同居家族の支えと障害者の現実

同居家族は、障害者にとって大きな意味を持つことがあります。

特に、障害を負って間もない精神的にも辛い時期や、視覚以外の感覚を用いた生活に慣れていない状況では、家族の存在は重要な支えとなる可能性があります。

しかし、家族が同居しているからといって、常に十分な支援が得られるわけではありません。

家族にとっても家族の一員が障害者となることは予期せぬ出来事であり、精神的な準備が整っていない上に、どのように支援すればよいのか戸惑うことがあります。

障害を持つ家族が主な収入源であった場合、家計は直ちに困難な状況に直面することがあります。

本人はもちろん、同居家族も最初は大きな変化と心理的な負担、そして生活上の困難に直面します。

事例1

高齢女性が膝に置いている手の部分を写した写真

Aさんは重度の視覚障害と聴覚障害を持ち、一人暮らしの負担が増大していました。

息子が結婚したことを機に、二世帯住宅を建てて同居を始めました。

Aさんには独立した居住スペースがありましたが、台所、トイレ、風呂は家族と共用していました。

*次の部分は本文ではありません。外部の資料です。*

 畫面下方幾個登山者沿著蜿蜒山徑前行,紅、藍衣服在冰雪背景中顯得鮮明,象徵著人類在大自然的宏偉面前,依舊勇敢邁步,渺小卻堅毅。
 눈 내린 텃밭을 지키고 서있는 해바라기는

当初は双方にとって負担が少ない生活でしたが、息子夫婦に子どもが生まれたことで、Aさんと嫁の関係が悪化しました。

嫁は育児を優先し、義母への配慮が後回しになりがちでした。

また、Aさんの聴覚障害が進行し、嫁とのコミュニケーションが一層困難になりました。

双方の不信感が増し、中立的な立場を取っていた息子も仕事の忙しさから仲介役を果たせませんでした。

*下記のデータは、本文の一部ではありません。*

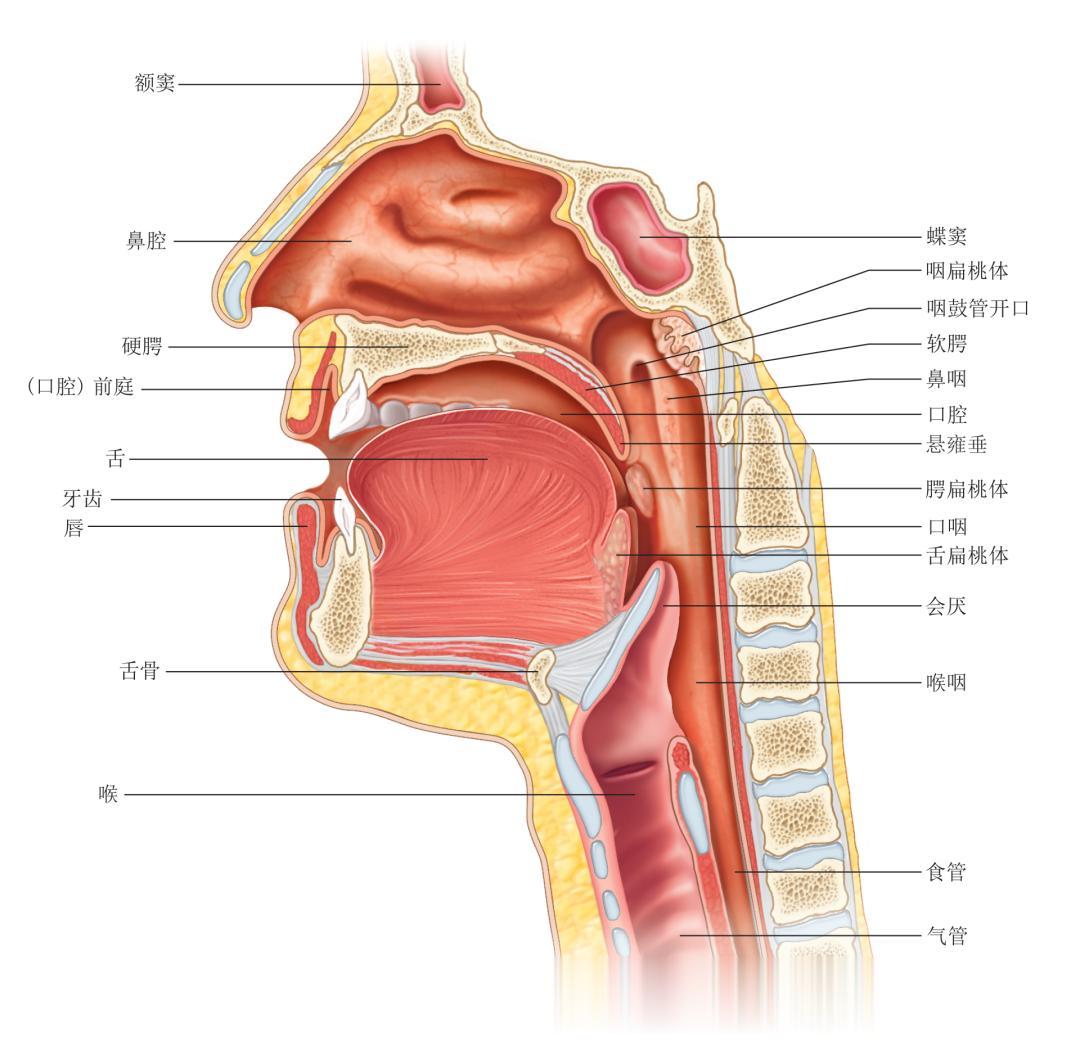 △ 口腔、鼻腔和咽部的矢状切面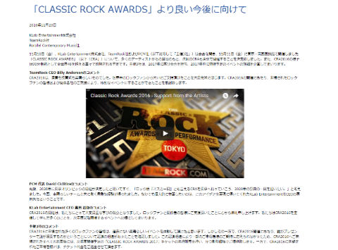 主催のKLab Entertainment、TeamRock、PCMは、「誰がプレゼンターで誰が演奏するのかということについて認識の相違があった」ことを確認したと報告。CRA2016に失望した来場者にはチケット代金を返金するとしています。またCRA2016来場者すべてに、来年開催の「CLASSIC ROCK AWARDS 2017」のチケットを割引価格で先行販売することも明らかに。返金や次回の優待についてはWebサイトで問い合わせ窓口を案内しています。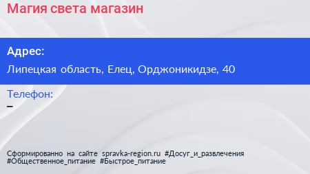 Магия света, магазин по адресу Липецкая область, Елец, Орджоникидзе, 40 в дальнейшем Организация, размещена в следующих категориях: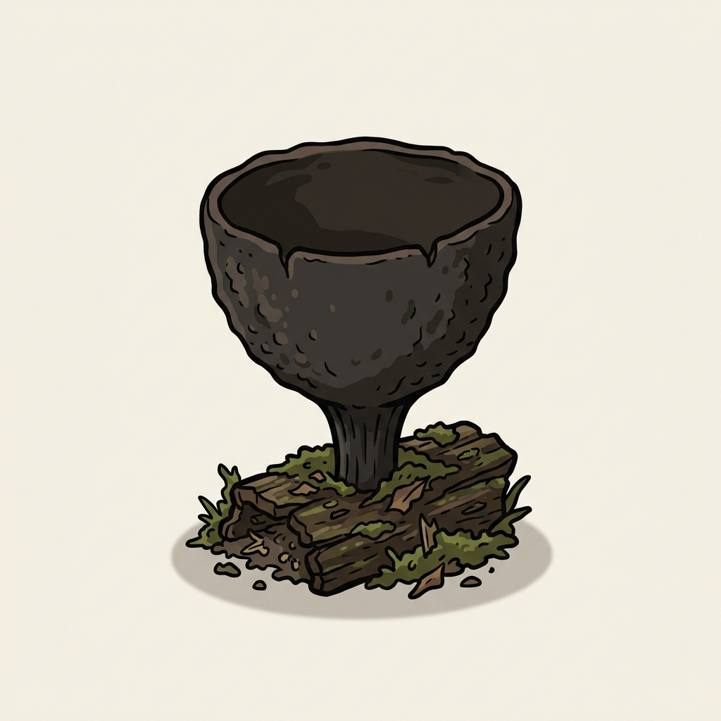 "Black leathery cup rising from a buried stick in early spring. Marks the start of morel weather."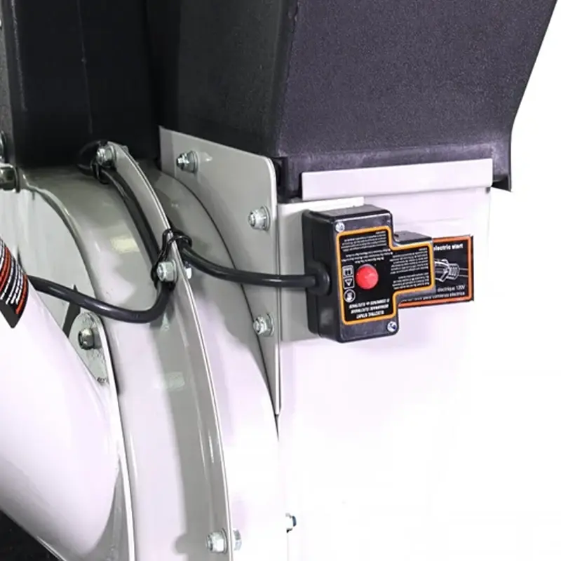 - Дефлектор выброса. Для обеспечения безопасности оператора измельчитель имеет дефлектор, который предотвращает выбрасывание из разгрузочной трубы продуктов измельчения с высокой скоростью

Aさんは居住空間に施錠し、家内での別居生活を始めることになりました。

嫁は育児のストレスと義母との複雑な関係に疲れ、実家へ戻りました。

事例2

Bさんは自営業でした。

70歳で店を閉め、妻と共に自宅での穏やかな生活を送っていましたが、長年の糖尿病が原因で視力をほぼ失い妻の介助が必要になりました。

数ヶ月後、妻が脳梗塞で入院することになりました。

Bさんは一人では自宅生活が困難になり妻が入院している病院に社会的入院として収容されました。

しかし妻の入院が長引くと、Bさんは自宅に戻らざるを得なくなりました。

介護サービスの利用を計画しましたが、妻はホームヘルパーの介入を受け入れず、計画は頓挫しました。

Bさんは近隣の介護老人保健施設のショートステイを利用しましたが、施設生活に馴染めず孤立感を深め、寂しい日々を過ごしました。

これらの事例から、同居家族がいても、事例1では嫁の出産、事例2では妻の病気が原因で、支援を担う家族が役割を果たせなくなったことがわかります。

これらの出来事がAさんとBさんの障害の進行と重なり、双方ともに必要な支援、特に精神的な支えを得られない状況に陥りました。

福祉や介護サービスが普及しているとはいえ、障害者の心の苦しみに対応するサービスは、実際の生活の困難に比べて不足しているのが現状です。

障害者にとって同居家族は大きな支えになり得るものの、家族内の変化や障害の進行によっては十分な支援を受けられないこともあります。

事例1と事例2は、家族が支援体制を整えていても、その持続性には限界があるという複雑な実情を示しています。

結果として、必要な心の支えや適切な介護を受けられない事態が発生しており、社会的な支援サービスのさらなる充実が求められています。